I've cought some lane out there but not a fattie like that. I've never scubud in the area but I'd be willing to bet that in the spring on a rocky outcrop, a sharp drop off could easily harbour snapper species. Talk to some of the galveston locals they'd be the most informative. Or call Capt. Mickey tomorrow morning. Don't get me wrong, I'd love to catch a fat red at the jetties. BTW was she full of eggs.



daparson said:


> Laughing ... I have no doubt they have been caught before - but really just trying to find some sort of rhyme or reason on how rare. One earlier poster knew a diver said they had seen quite a few snapper on dives around the Jetty ... curious as to why more haven't been caught.
> 
> I read one article that said snapper sometime follow a rig in ... who knows? But the more information ... the more informed a person can be. The more information, the more effective ... and lucky a person might become! (smile)
> 
> ...


----------



## Wakerider1424 (Nov 25, 2007)

galvetraz said:


> I've cought some lane out there but not a fattie like that. I've never scubud in the area but I'd be willing to bet that in the spring on a rocky outcrop, a sharp drop off could easily harbour snapper species. Talk to some of the galveston locals they'd be the most informative. Or call Capt. Mickey tomorrow morning. Don't get me wrong, I'd love to catch a fat red at the jetties. BTW was she full of eggs.
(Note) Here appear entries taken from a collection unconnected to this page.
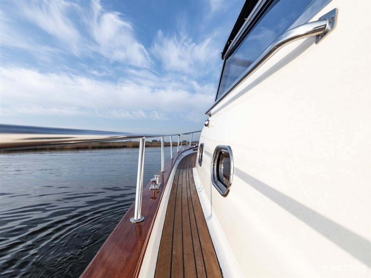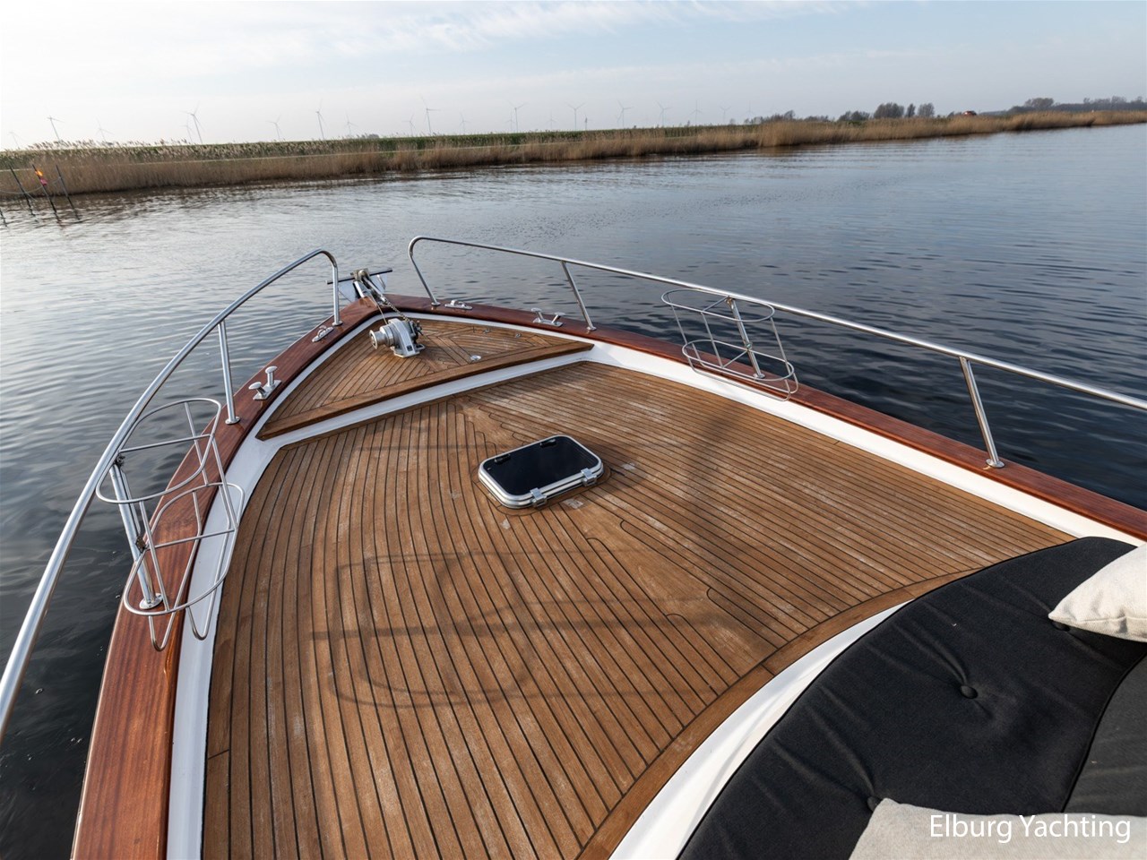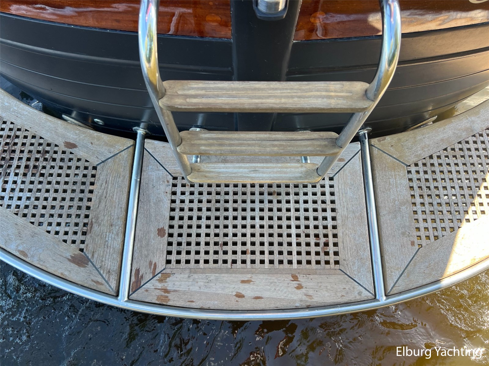 - Aangehangen met teak belegd + r.v.s. zwemtrap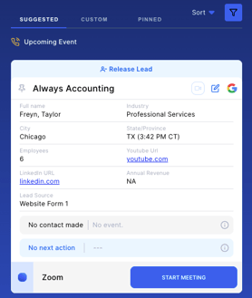 - When the event is approaching and within the timeframe configured by Enablement users in System Configuration > Lead Management > Lead Ranking, it can be started using the large Start Meeting button on the lead card that populates in the Upcoming Events section at the top of the Suggested Queue.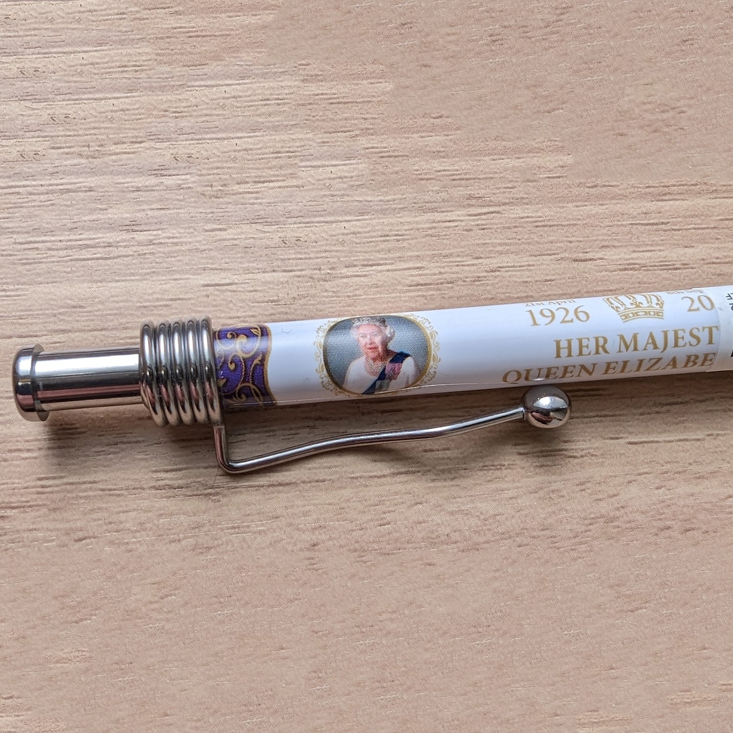 エリザベス女王がご生存なされた年号が刻印されたボールペンでイギリス旅行のおみやげにも最適です!

Texas state record Goliath was taken at the Freeport Jetties...would make me think there could be some red 'nappa!


----------



## omidian (Nov 6, 2007)

Hello all,

My 1st post here but I have been reading this sight for a little while.
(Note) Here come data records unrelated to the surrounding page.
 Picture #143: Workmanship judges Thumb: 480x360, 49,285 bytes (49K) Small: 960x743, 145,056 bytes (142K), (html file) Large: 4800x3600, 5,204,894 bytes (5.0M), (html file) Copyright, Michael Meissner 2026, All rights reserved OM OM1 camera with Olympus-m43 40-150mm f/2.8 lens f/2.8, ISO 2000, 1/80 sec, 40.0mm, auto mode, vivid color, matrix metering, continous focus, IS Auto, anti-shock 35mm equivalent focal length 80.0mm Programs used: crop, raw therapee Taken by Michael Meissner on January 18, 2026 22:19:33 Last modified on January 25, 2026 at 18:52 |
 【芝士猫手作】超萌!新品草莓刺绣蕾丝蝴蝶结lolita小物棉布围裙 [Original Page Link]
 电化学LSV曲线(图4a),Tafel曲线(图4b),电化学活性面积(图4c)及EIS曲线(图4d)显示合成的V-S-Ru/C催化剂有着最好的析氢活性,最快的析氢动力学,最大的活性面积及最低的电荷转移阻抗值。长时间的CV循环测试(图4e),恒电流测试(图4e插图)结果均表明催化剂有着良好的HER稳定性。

I have seen 2 Red Snapper caught off the South Jetty last august, it was in a 23" boat, it was a older man and woman probably in their late 60's. As they brought them up they just looked at us smiled, waved, and tossed them back into the sea. They were easily over the minimum length and looked pretty fat.
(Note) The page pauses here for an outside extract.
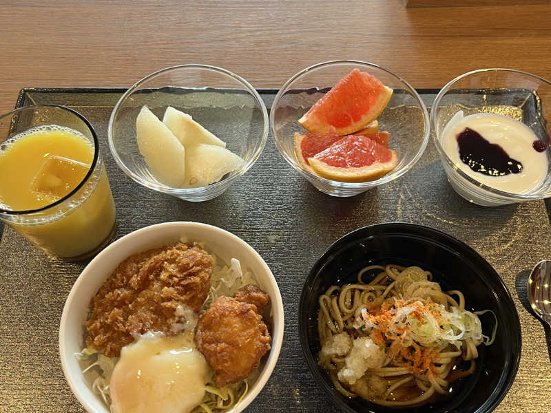 たくさんあるのでたくさん食べたくなります😋タレカツ丼、栃尾の油揚げ、南蛮海老の味噌汁🦐ふのり蕎麦など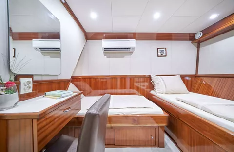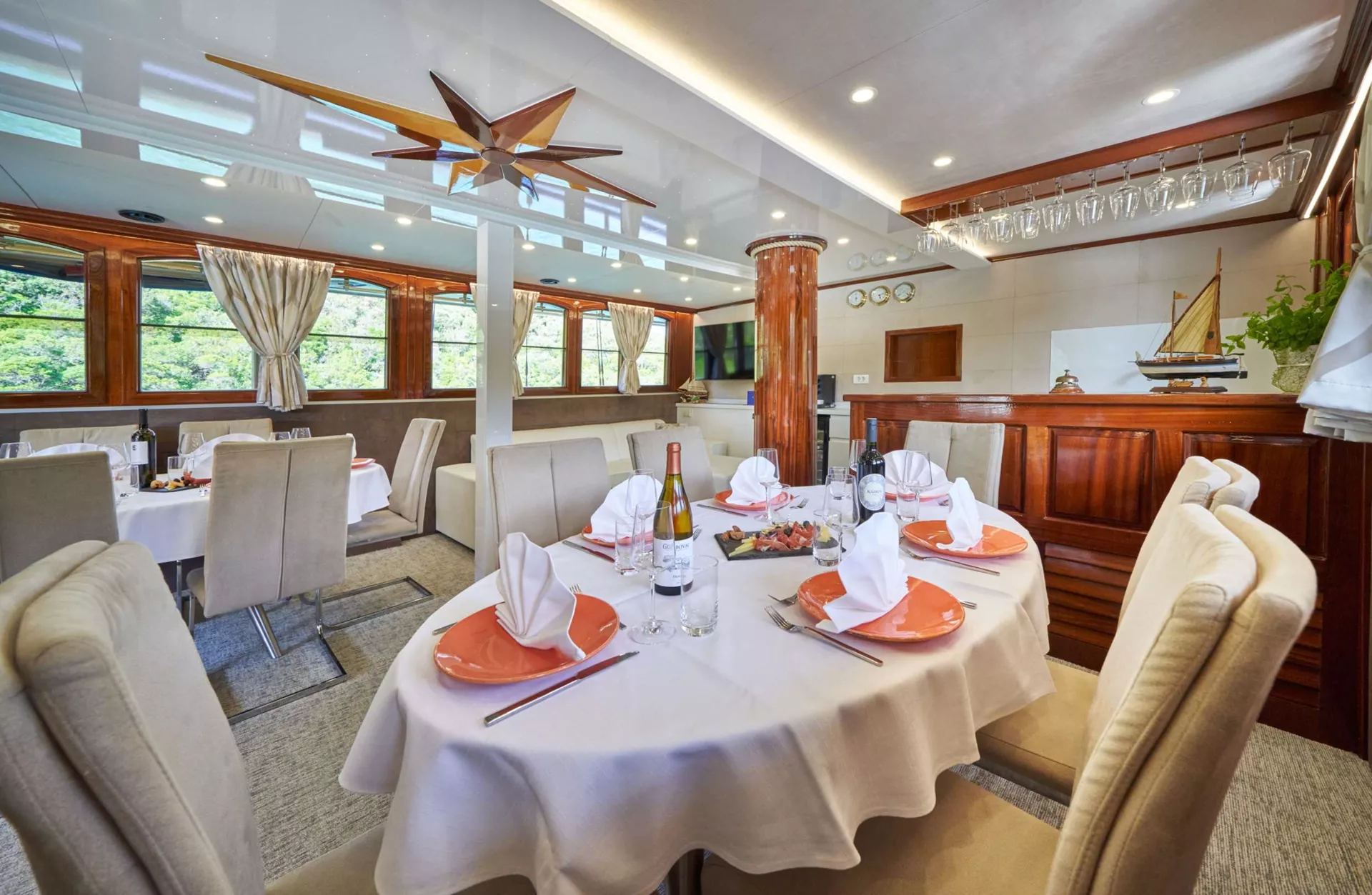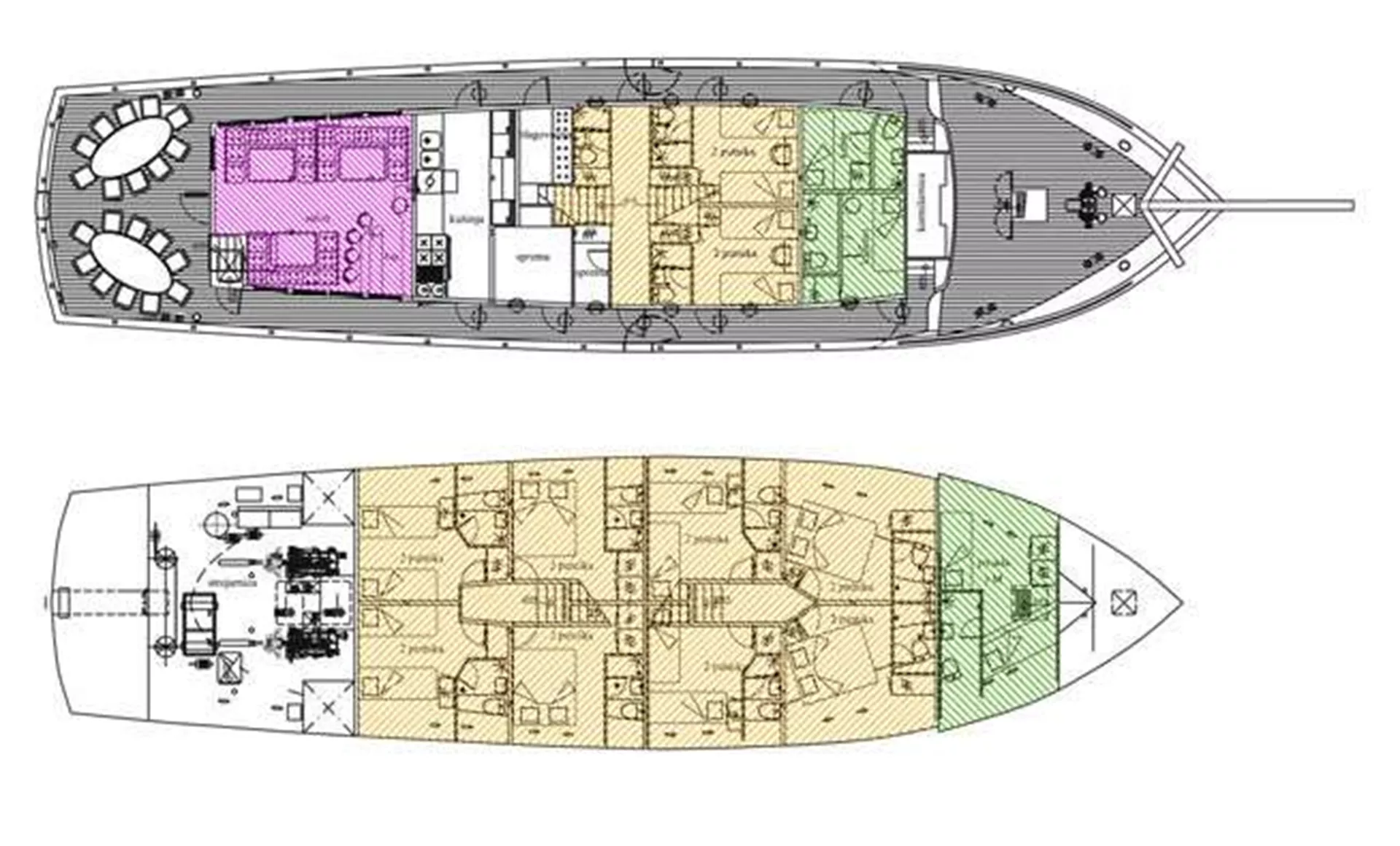 Includes: Accommodation for a maximum of 18 guests in 9 cabins, the crew of 6 and their expenses, insurance of the vessel and the crew, fuel for 4 h of engine work daily, generator work 24/7, fuel for tender transfers to/from the vessel, use of recreational equipment (SUP, kayak, snorkeling gear), tourist taxes, Wi-Fi, VAT of 13%.

Anyhow just thought I would chime in on this cool subject.

Happy fishing
Omi


----------



## daparson (Dec 4, 2004)

*Eggs*



galvetraz said:


> I'd love to catch a fat red at the jetties. BTW was she full of eggs.


Just got back from a Teaching Trip in New Mexico - I talked with Dewey - he cleaned the Red Snapper and did not see any eggs in the Snapper. We always try and do what is best for fish we catch, but this was one time there was no debate about keeping the fish. I was told it tasted wonderful!

Fish Hard!

Mark


----------



## ol billy (Jun 14, 2005)

Very cool on the snapper!


----------



## ricpan (Oct 28, 2004)

*Grouper*

As for as the state Goliath Grouper "Jewfish" record and then World Record was caught off Galveston by my Uncle Gus Pangarakis.


----------



## galvetraz (Nov 29, 2005)

No doub't she was tasty. Prob. taste like a bay snapper. Bet the nest was consumed though.



daparson said:


> Just got back from a Teaching Trip in New Mexico - I talked with Dewey - he cleaned the Red Snapper and did not see any eggs in the Snapper. We always try and do what is best for fish we catch, but this was one time there was no debate about keeping the fish. I was told it tasted wonderful!
> 
> Fish Hard!
> 
> Mark


----------